It was quite uncomfortable watching the groom feign comfort while bestie gave a speech that sounded like something out of a rom-com–a rom-com where the life-long best friend actually doesn’t end up with the girl. It was pretty awkward witnessing bestie tear up and say he knows what it means to wait for a love like she found because he waited for a love, err, a best friend–aka her–for nineteen years. And he wasn’t gay.
Sisters, the bible records God saying in the beginning: “it is not good for man to be alone, I will make a helper suitable for him.” And then God brings the woman to the man and they get married.
They aren’t two heterosexuals who share a pleasant, platonic, intimate friendship for years and then go marry someone else and continue to maintain their intimate relationship with one another. That’s almost like three people becoming one. Take it back to the bride I mentioned earlier. When she and hubby get into fights, you don’t think the enemy can tempt her with her single, guy best friend? How many adulterous relationships begin with a friendship that then becomes more and more intimate over time?

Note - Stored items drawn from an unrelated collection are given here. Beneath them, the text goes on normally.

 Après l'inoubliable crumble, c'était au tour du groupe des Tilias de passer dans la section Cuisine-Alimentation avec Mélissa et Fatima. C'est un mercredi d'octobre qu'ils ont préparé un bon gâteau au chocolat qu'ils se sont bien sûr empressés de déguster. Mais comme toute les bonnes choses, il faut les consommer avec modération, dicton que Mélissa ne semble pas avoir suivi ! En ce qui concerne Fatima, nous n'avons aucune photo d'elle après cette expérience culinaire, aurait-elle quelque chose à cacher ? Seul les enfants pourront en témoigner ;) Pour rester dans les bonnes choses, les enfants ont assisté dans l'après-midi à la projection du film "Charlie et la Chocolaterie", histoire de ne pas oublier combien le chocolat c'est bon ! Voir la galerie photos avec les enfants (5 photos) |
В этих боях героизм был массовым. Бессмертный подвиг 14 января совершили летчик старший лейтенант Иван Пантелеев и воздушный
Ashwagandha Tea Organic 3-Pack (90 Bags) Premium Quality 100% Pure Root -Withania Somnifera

When we are hurt and vulnerable, those emotions can easily be used against our marriage when we are sharing them with a man, and not just any man, but one we trust and feel comfortable and safe with, let alone one we deem a best friend. That is the perfect foundation for an affair.
Call me old school or archaic in mindset, but we human beings, especially we emotional women, are imperfect and suceptible to sin. We are not immune to temptation, and there is wisdom in the bible verses that tell us to flee youthful lusts and run from temptation. It also says God will give us an escape from tempting situations.

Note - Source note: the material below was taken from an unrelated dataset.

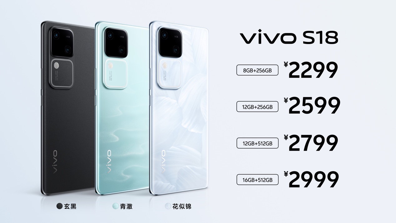 vivo S18系列有花似錦、青澈、玄黑三種配色。其中,vivo S18 8GB+256GB版售價2299元,12GB+256GB版售價2599元,12+512GB版售價2799元,16GB+512GB版售價2999元;vivo S18 Pro 12GB+256GB版售價3199元,16GB+256GB版售價3499元,16GB+512GB版售價3699元。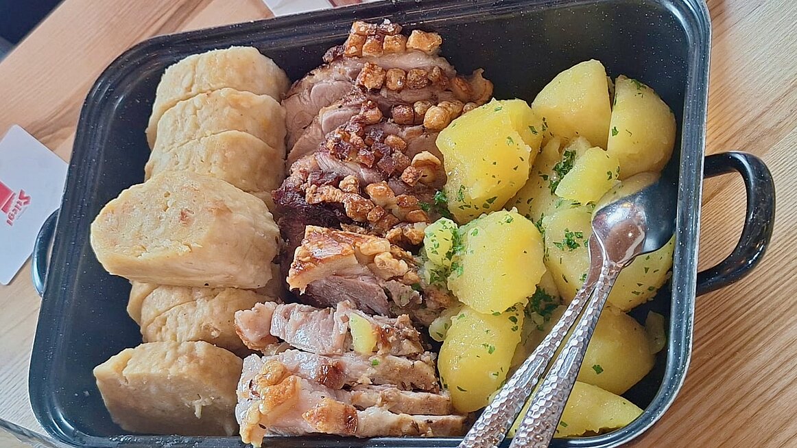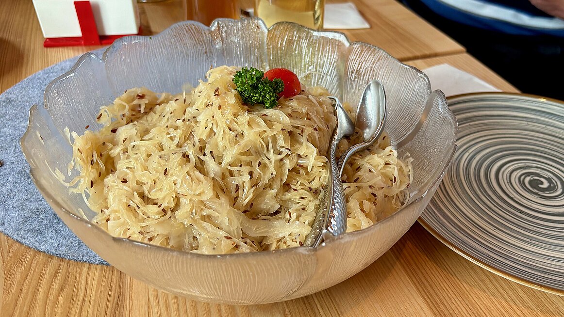 Oben wartete schon die Grünbergalm, wo ein köstliches Brat’l in der Rein mit warmem Krautsalat serviert wurde. Und als ob das nicht schon reicht – dazu gab’s gute Gespräche, jede Menge Lachen und das eine oder andere Schnapserl für die Verdauung.

But if you allow yourself to become best friends with a man, you aren’t escaping temptation, you’re entertaining it and giving the enemy one more weapon to use against you in your current or future marriage.
Your spouse should be the only opposite-sex best friend you have. He should be the only earthly man you run to for a listening ear and comfort (besides your dad). And if you don’t have a dad or dad figure, then come to Christ all the more with your pain and concerns. Don’t seek a male best friend. You already have one in Christ and you should save that intimate closeness for your husband.
You know how many guy best friends I had in high school who really liked me? Sure, I didn’t like them, but there were times I considered giving them a try and a few I even kissed. This is not to say you can’t have guy friends period. You can have guy friends, but this is about having a best friend and having a special set-apart intimacy with a man who isn’t your husband. I have good guy friends myself. This is more about guarding your heart and being mindful of others’ hearts as well, not walking in dread of relationships with the opposite sex, but practicing wisdom in those relationships.
So guard your heart. There is something engrained in our design that longs for intimacy with the opposite sex: it’s why even many women have homosexual men as best friends. We desire male companionship, to be close to a man because God intended to use that as one of the things that draw us to marriage.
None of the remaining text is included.